El Norte de Castilla, 2 de Mayo de 2009
Un año más, cuando llega la primavera, y con ella la Feria que lo proyecta en el espacio público, erigimos al libro como factor de celebración, como punto de encuentro de los ciudadanos que se dan cita en torno a la capacidad de convocatoria de la obra impresa y encuadernada. Quizá se hace como demostración de ese empeño que las sociedades humanas han tenido de encontrar en ella la prueba de su perennidad en el tiempo, su mecanismo de supervivencia frente al olvido. El libro nos sobrevive, ya que, como afirmó Emilio Lledó, «es el recinto de la memoria», un producto de posibilidades asombrosas que día a día nos recuerda hasta qué punto somos deudores de quienes con su talento y su esfuerzo plasman negro sobre blanco el resultado de su creatividad.
No nos engañemos, el mundo del libro es tan diverso como los derroteros hacia los que se orienta el hecho de imaginar y de escribir. La calidad varía como la propia vida, se proyecta en escenarios donde todo cabe y donde es posible descubrir las manifestaciones e ideas más insospechadas. Pero siempre, en medio de esa plétora emerge la calidad en la obra que nos envuelve y de la que jamás nos olvidaremos.

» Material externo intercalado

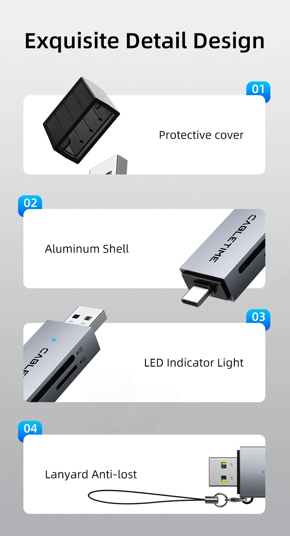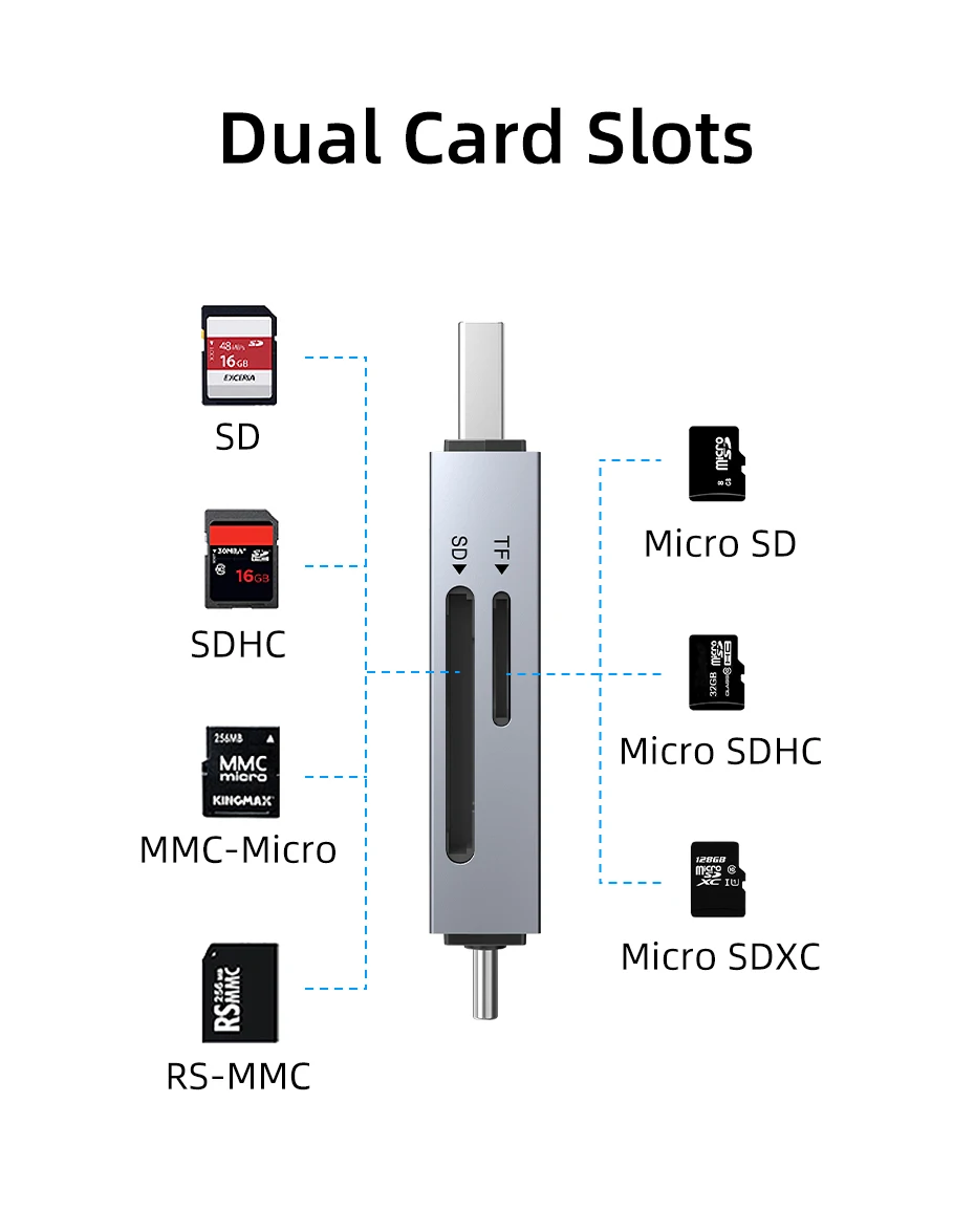 El lector de tarjetas SD USB tipo C tiene dos ranuras para tarjetas y admite ambos formatos SD + TF3.0, como SDXC, SDHC, SD, MMC, MicroSDXC, MicroSDXC, MicroSD, MicroSDHC y tarjetas de la serie 1: 1. Cámara. Es ideal para descargar desde cámaras, GoPros y más a tu MacBook, iPad o iPhone. 15. Permite leer dos tarjetas simultáneamente, lo que hace que el acceso a los datos sea más eficiente y ahorre tiempo.
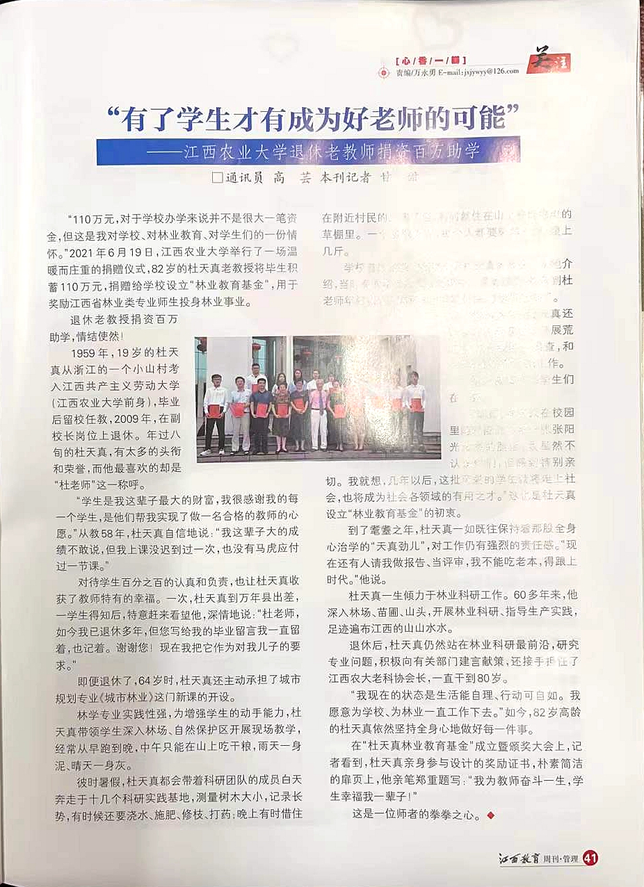 【江西教育期刊】有了学生才有成为好老师的可能——欧冠官方网站退休老教师捐资百万助学
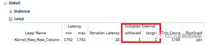 从上面的综合报告我们可以发现一个细节,虽然整个循环已经流水化了,但是 Initiation Interval 却仍然不是理想情况的 1,即:不能做到每个周期都开始一个新的 Iteration 的计算。那么问题出在哪里呢?还有没有进一步优化的空间呢?

En cierto modo, nuestras vidas dependen de los libros, de esos libros que descubrimos en la infancia, unos mediante consejos otros furtivamente, por mor de una libertad que conduce a la lectura y cuya huella persiste indeleble. Pues, ¿qué hubiera sido de nuestras infancias sin el soporte de esos libros que nos abrieron al descubrimiento de la vida y sus infinitos horizontes?. En la juventud, en la madurez, en todo momento el tiempo se identifica y modula con los vaivenes de la lectura y de las apetencias a que lleva el afán por no perder el hilo de una buena historia o de un esclarecedor ensayo. Muchas veces nos vemos envueltos en tramas que nos enganchan e incluso cautivan; cada cual a su modo encauza sus afanes lectores en un caleidoscopio bibliográfico donde siempre es posible encontrar aquello que estabiliza la búsqueda y propicia la lectura reposada, sin importar muchas veces el lugar donde eso ocurre.

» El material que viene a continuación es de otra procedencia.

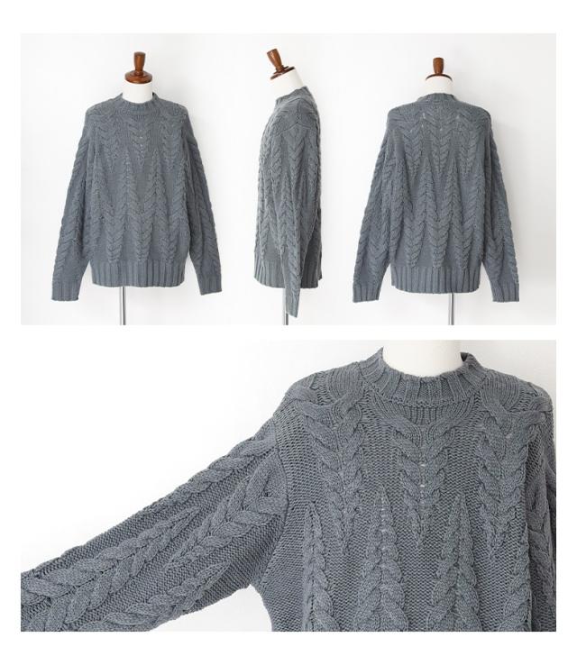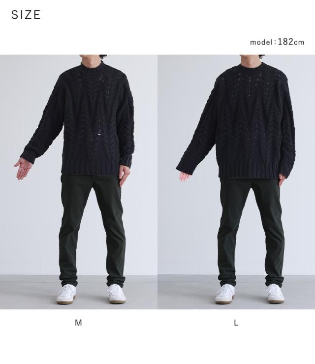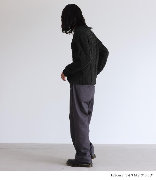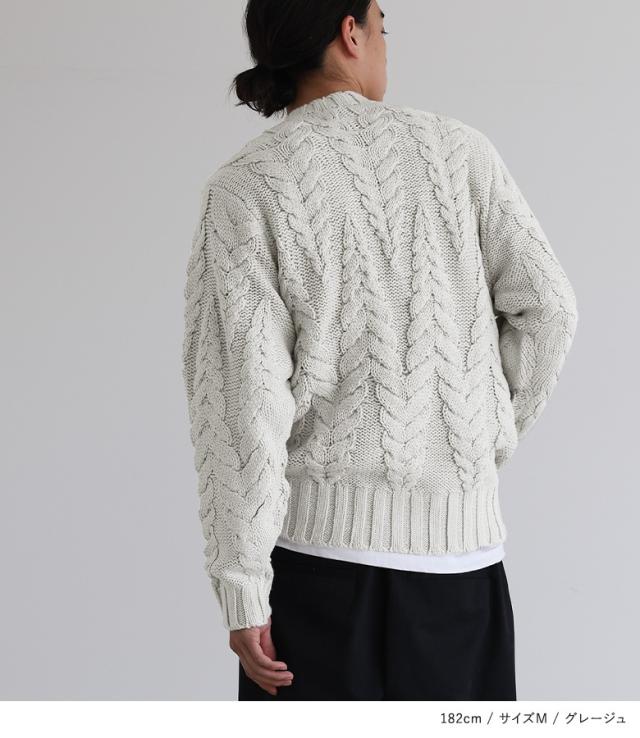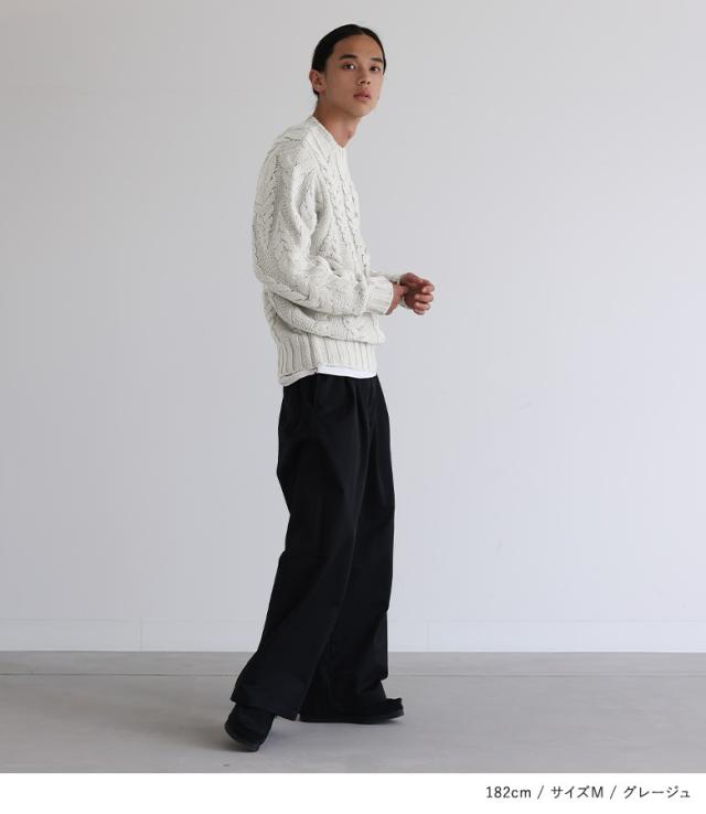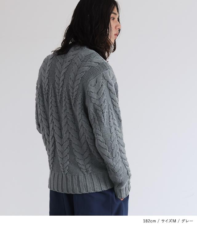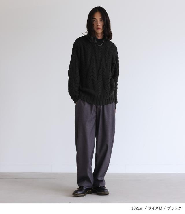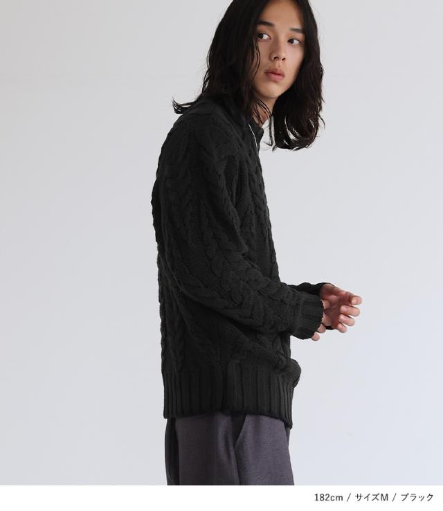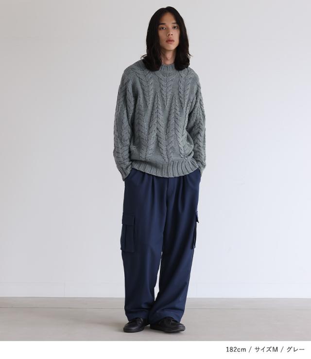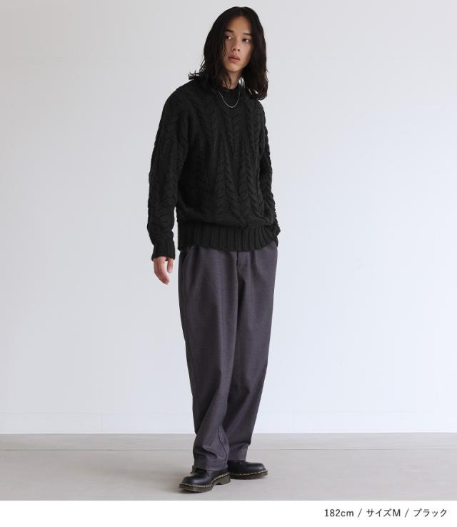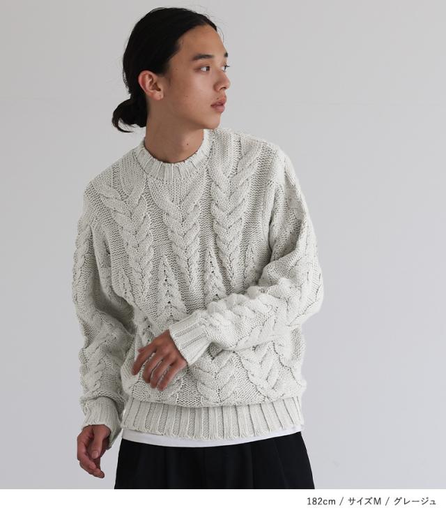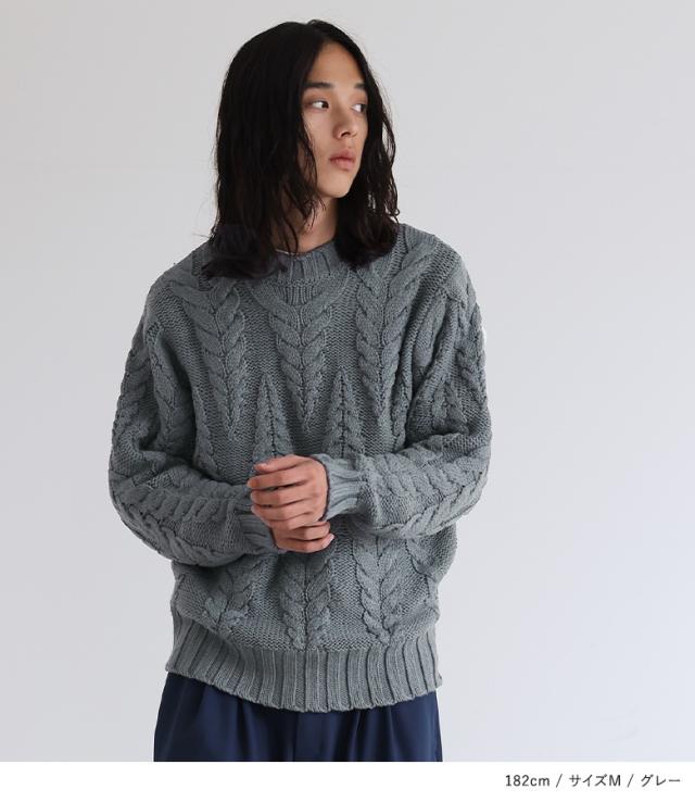 『立体ケーブル編みニット』【メール便不可】【60】[ニット 長袖 メンズ トップス セーター クルーネック 幾何学模様 プルオーバー ざっくりニット リブ ローゲージ 無地 ケーブルニット 厚手 オーバーサイズ]

Y es el que libro representa, en mi opinión, tres cosas a la vez: es compañía, leal y entrañable; es mensajero, callado y ocurrente, flexible y cabal; y es, finalmente, herramienta efectiva contra el adocenamiento y la ignorancia. Leer, advirtió Francisco Ayala, nos sitúa en la «perspectiva de quien sabe mirar hacia delante, hacia atrás y en todas las direcciones al mismo tiempo». En papel, en formato digital... el libro permanecerá siempre asociado a las grandes aventuras de la humanidad. De las más fascinantes y maravillosas.